Why a stateless function can't run a workflow

A plain Azure Function is a single invocation. It receives a trigger, runs, returns, and the worker that ran it can be recycled the instant it finishes. Nothing in the function body survives to the next invocation: no local variables, no "where was I" pointer, no record that step two of a three-step process already succeeded. That design is what makes Functions cheap to scale, and it's the right model for the bulk of event handlers you write.

It stops being enough the moment one logical unit of work spans more than one step. Take the order example: validate the request, create the order record, send a confirmation. You want those to run in sequence, you want the second step to use the output of the first, and you want the whole thing to pick up where it left off if the host restarts between steps. None of that is possible inside one function, so the standard pattern is to split each step into its own queue-triggered function and pass a message down the chain.

That works, but look at what you end up owning. You need a correlation ID so you can tell which messages belong to the same order. You need a status table so you can answer "is order 4815 done yet" and so a retry doesn't redo a step that already completed. You need poison-queue handling, timeout logic, and some way to fan results back together if any step branches. You have hand-built a state machine, and state machines spread across five queues are where the 2 a.m. pages come from.

Durable Functions takes over the state. It records every step your workflow completes in durable storage, and it reconstructs your workflow's position from that record after any interruption. You write the sequence as ordinary C# with await between the steps; the runtime makes the sequence survive crashes, scale-ins, and host upgrades. The correlation ID, the status table, and the retry bookkeeping all move from your code into the framework.

The three roles: orchestrator, activity, client

Durable Functions splits a workflow into three kinds of function, each identified by a trigger or binding type. Keeping them straight is most of the battle when you're starting out, because the rules about what code is legal where depend entirely on which role you're in.

The orchestrator is the workflow itself. It's a function marked with the [OrchestrationTrigger] binding, and its job is to coordinate: call this step, wait for the result, decide what to call next. It contains the control flow (if, loops, sequencing) but does no real work of its own. The orchestrator is the one role with a hard constraint attached. Its body can be re-executed many times over the life of a single workflow instance, so the code in it must be deterministic. That single fact (the orchestrator replays) is what the rest of this series keeps coming back to; the replay mechanics and the exact list of rules are covered later in this article.

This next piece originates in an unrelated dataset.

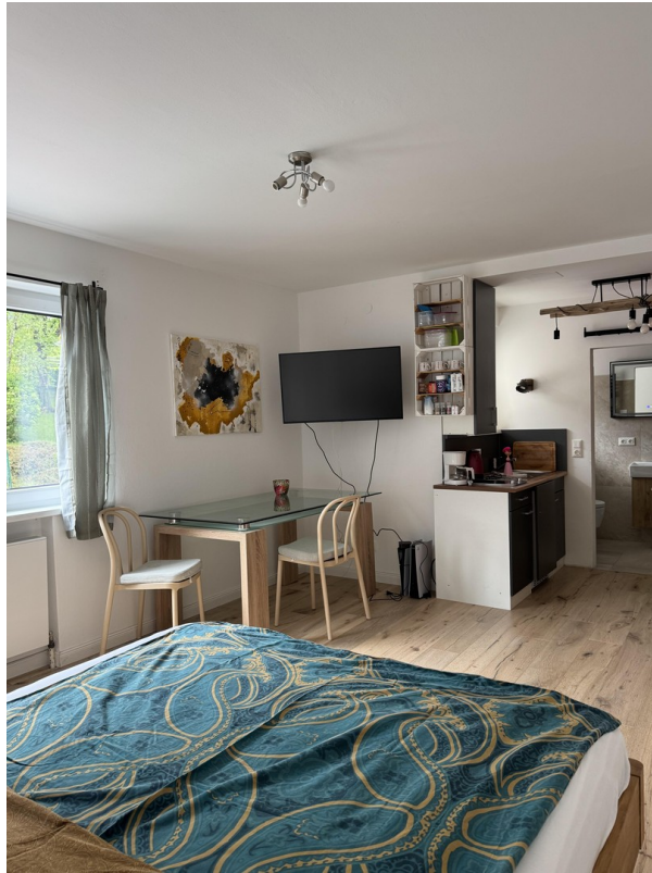
Essecke / TV

An activity is where the actual work happens. It's a function marked with [ActivityTrigger], and it's the only one of the three roles allowed to touch the outside world: database writes, HTTP calls, sending email, reading a blob. Activities can bind directly to their input type, so an activity that validates an order can take an OrderRequest parameter and nothing else. The guarantee Durable Functions gives you on activities is at-least-once execution, and that has a real consequence. An activity can run more than once for the same logical step (after a transient failure and retry, for instance), so activity logic should be idempotent. Sending a confirmation email twice because the worker died after sending but before recording success is the kind of bug this guarantee invites if you're not careful.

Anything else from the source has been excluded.